Readability Formulas, Systems and LLMs are Poor Predictors of Reading Ease
Keren Gruteke Klein, Shachar Frenkel, Omer Shubi, Yevgeni Berzak
TL;DR
This study questions the effectiveness of widely used readability formulas, NLP-based metrics, frontier LLMs, and commercial educational tools in predicting real-time reading ease. It introduces a content-controlled evaluation framework that uses eye-tracking data from a large English reading corpus (OneStopL1&L2) to measure ΔReadingEase across original and simplified texts and assesses how well ΔScore_M predicts ΔReadingEase_E via Pearson correlations, with $ ext{Eval}_M = ext{Pearson}_{corr}(\Delta\text{Score}_{M,T}, \Delta\text{ReadingEase}_{E,T})$. Across reader groups and reading regimes, surprisal and other psycholinguistic measures outperform traditional readability methods, with entropy and the big three word properties often providing the strongest guidance; surprisal is typically the best overall predictor.
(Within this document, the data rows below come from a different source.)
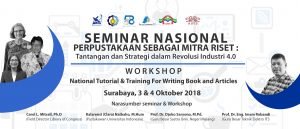 Seminar Nasional “Perpustakaan sebagai Mitra Riset: Tantangan dan Strategi dalam Revolusi Industri 4.0” dan Workshop “National Tutorial and Training: For Writing Book & Articles” pada: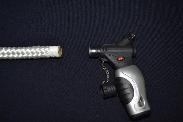●ロープやひもの切断(切る)は、ビニールテープを巻いてテープの上から切り、切り口は必ず(ターボ)ライターで強く焼いて溶かして下さい。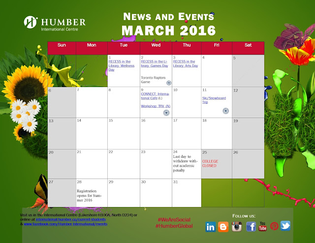 The Humber International Centre has a number of events planned for students, staff and alumni in March. Please join us! Feel free to contact the International Centre at North or Lakeshore Campus for more information.

The findings argue for cognitively grounded readability metrics and highlight the limitations of current ARA approaches for capturing online reading experiences, suggesting new directions that integrate psycholinguistic insights and robust online measures.
Abstract
Methods for scoring text readability have been studied for over a century, and are widely used in research and in user-facing applications in many domains. Thus far, the development and evaluation of such methods have primarily relied on two types of offline behavioral data, performance on reading comprehension tests and ratings of text readability levels. In this work, we instead focus on a fundamental and understudied aspect of readability, real-time reading ease, captured with online reading measures using eye tracking. We introduce an evaluation framework for readability scoring methods which quantifies their ability to account for reading ease, while controlling for content variation across texts. Applying this evaluation to prominent traditional readability formulas, modern machine learning systems, frontier Large Language Models and commercial systems used in education, suggests that they are all poor predictors of reading ease in English. This outcome holds across native and non-native speakers, reading regimes, and textual units of different lengths. The evaluation further reveals that existing methods are often outperformed by word properties commonly used in psycholinguistics for prediction of reading times. Our results highlight a fundamental limitation of existing approaches to readability scoring, the utility of psycholinguistics for readability research, and the need for new, cognitively driven readability scoring approaches that can better account for reading ease.